Гриша Миллер в отличие от Марципана не был сибаритом. Он любил работу больше отдыха. Летом пропадал на съёмках. В Москву приезжал нечасто. И совсем редко, на дачу. Но чувствовал себя там, как на иголках. На даче Миллер становился шумным, нервным. Там он терял аппетит, но много пил и курил. Излишне громко восторгался какой-нибудь птичкой, гусеницей, одуванчиком или найденным рыжиком. Гриша не любил природу. Природа будоражила его, внушала «ненужные» мысли и чувства. На даче артист мог пробыть только вечер и ночь. Наутро он сбегал в многолюдный, шумный, пахнущий раскалённым асфальтом и выхлопными газами город. Миллер говорил, что природа раздражает его своей «непоколебимо тупой нормальностью». Он считал, что художник не может быть абсолютно нормален во всём. Он имеет право на странности.
Марципан соглашался с другом, но сам беззаветно любил дачу. Он был там полновластным хозяином ещё при Грише.
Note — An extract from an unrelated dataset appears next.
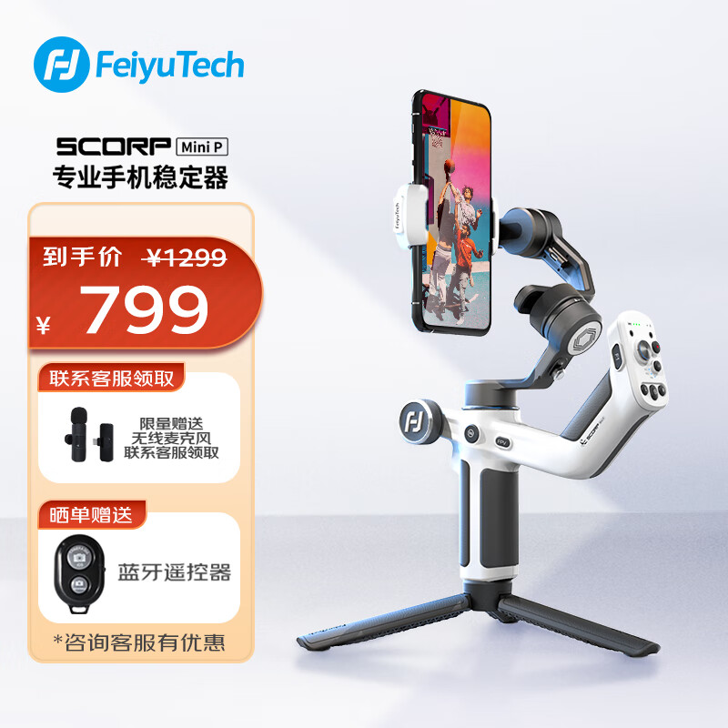 FeiyuTech飞宇蝎子MiniP 手机云台 Scorp miniP专业三轴防抖 提握一体 手持云台稳定器 手机稳定器 黑白色价格:799.00元!

А после смерти Миллера, ему досталась не только дача, но и квартира артиста, которую за хорошие деньги у него арендовал «Музей киносказки». Эти деньги служили надёжным подспорьем безработному Марципану.
Со стороны леса, вдоль дачных участков, проходила извилистая дорожка, с двух сторон обросшая какими-то кустами, репейником и крапивой. К концу сентября крапива успела высохнуть, а вот репейник доставил Марципану массу неприятностей. Он даже вспотел, пока тащил своё грузное тело вдоль соседских заборов. Его сопровождал заливистый разноголосый лай собак. То и дело, спотыкаясь о коряги и стряхивая с тебя колючие шишки, Марципан морщил лоб и тихо чертыхался.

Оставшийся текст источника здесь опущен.